Cognitive scientist Gillian Forrester is challenging chimps and gorillas to solve puzzles in an attempt to address the long-standing mystery of how humans evolved the ability to speak

IT LIES at the centre of human experience, and yet how our incredible capacity for complex language arose is a mystery. We are still far from understanding why we are the only living ape with such a skill.

Answering these questions is difficult, not least because speech doesn’t leave its trace in the fossil record. However, we can look to our ape relatives for clues, as cognitive scientist Gillian Forrester at Birkbeck, University of London, is doing. She has developed puzzle mazes for chimpanzees, gorillas, orangutans and children that shed light on one idea of how language evolved. She tells New Scientist how her findings are challenging our understanding of the brain and painting a clearer picture of how language began.

Alison George: What inspired you to study the evolution of language?

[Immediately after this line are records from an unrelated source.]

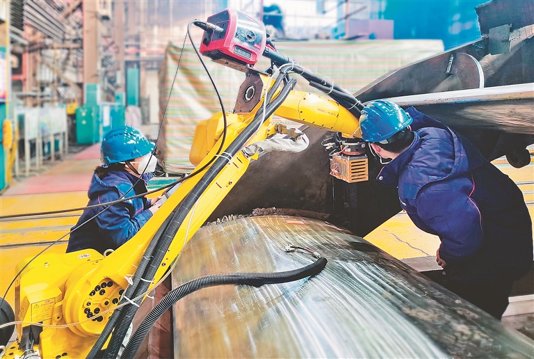 发电设备大型关键部件机器人焊接技术应用现场。本报记者 薛婧 李爱民摄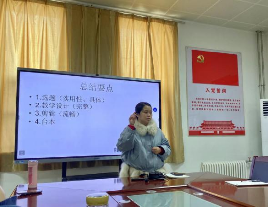 王青老师从自身分享,首先强调选题的重要性,做到具体,贴合实际。其次介绍教学设计要完整,内容相互衔接。此外,新手参赛者,制定台本可以更好地把控时间,自信从容。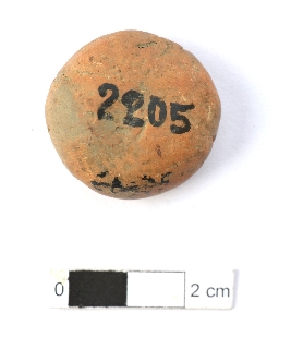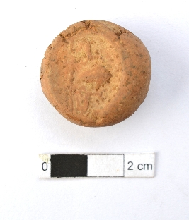| Description / विवरण | It is a circular terracotta sealing of baked clay, the impression is not clear due to weathering, the impression of wheel can be observed. |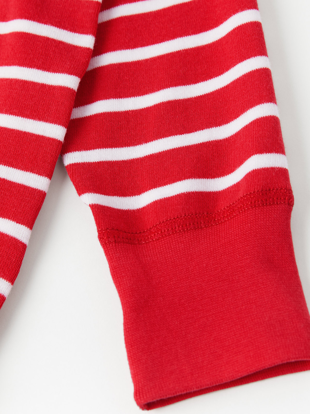 Organic cotton bodysuit in Polarn O. Pyret stripes for baby. Snaps at the shoulder and the crotch facilitate dressing and diaper changing.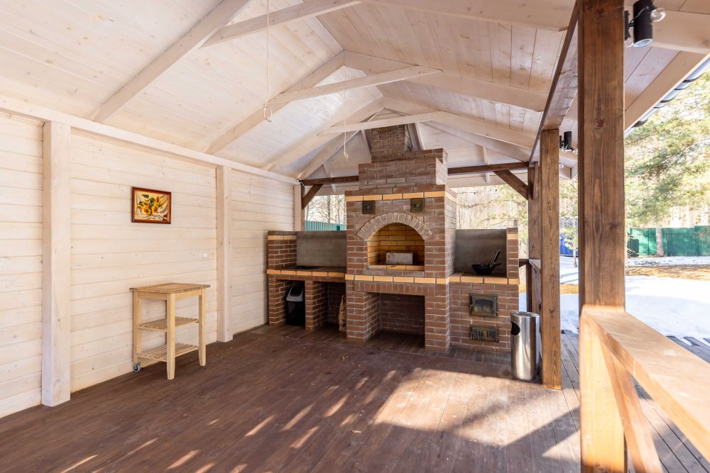 Беседка обогревается двумя инфракрасными обогревателями, подходит для круглогодичного использования. Оборудована зона барбекю.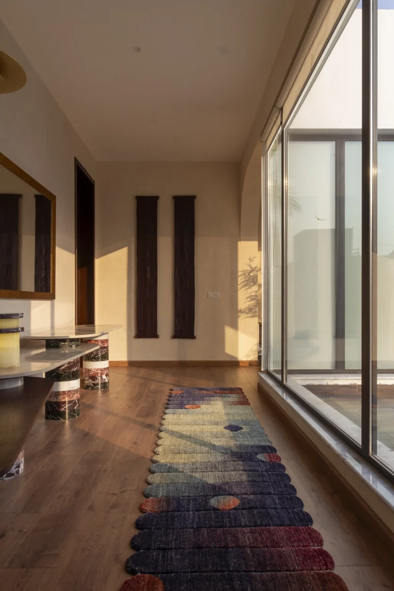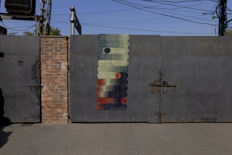 About the collection: A foray into visual storytelling depicting vivid abstractions of the Punjabi Landscape – the collection consists of a series of three hand-knotted rugs made of 100% hand-spun wool. The wool is hand-dyed and the rugs are trimmed meticulously by skilled artisans. What began as a single rug – The Calendar – soon expanded into a series of three limited edition pieces. This collection of rugs is an homage to the land showcasing climate change due to the catastrophic interventions perpetuated by humans. The labor intensive process of carpet making mirrors the hardships endured by farmers desperate to ready the land in time for the next sowing season – in their fervor burning expansive swathes of land that pollutes the land and sky for weeks on end, slowly sapping the once bountiful Punjabi soil of its nutrients.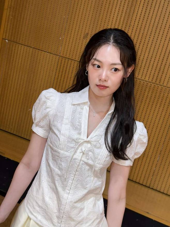 악세서리는 최대한 절제해 미니멀리즘을 살렸다. 실버 이어링과 얇은 목걸이, 손가락에 낀 얇은 실버 반지는 전체적인 스타일을 해치지 않으면서도 은은한 포인트 역할을 한다. 블라우스와 스커트 모두 밝은 컬러로, 피부 톤을 한층 돋보이게 하며 상큼한 인상을 남긴다.

Gillian Forrester: I’ve always been intrigued by the efforts to teach chimpanzees to speak, which were going on while I was growing up in the 1980s. They were a massive failure when it came to chimps learning to combine words into more complex phrases.

This got me intrigued about the common factors between human language and other animal communication systems, and how and why a language system emerged in humans but not for other great apes.

How do we start to answer that question?

We don’t have our ancient ancestors to look at to see how things changed over evolutionary time because they are all extinct, and cognition doesn’t fossilise. So all we can do is make suppositions based on their artefacts, such as tools and things they were buried with, to give us an indication of their communication skills.

How can studying the anatomy of great apes help?

We are great apes too. We are tool users and so are they. And we have a particular kind of brain anatomy that we share with other great apes. There is an area of the brain called Broca’s area, which supports speech production. For a long time, we thought this was unique to humans, but we now know that other apes also have it.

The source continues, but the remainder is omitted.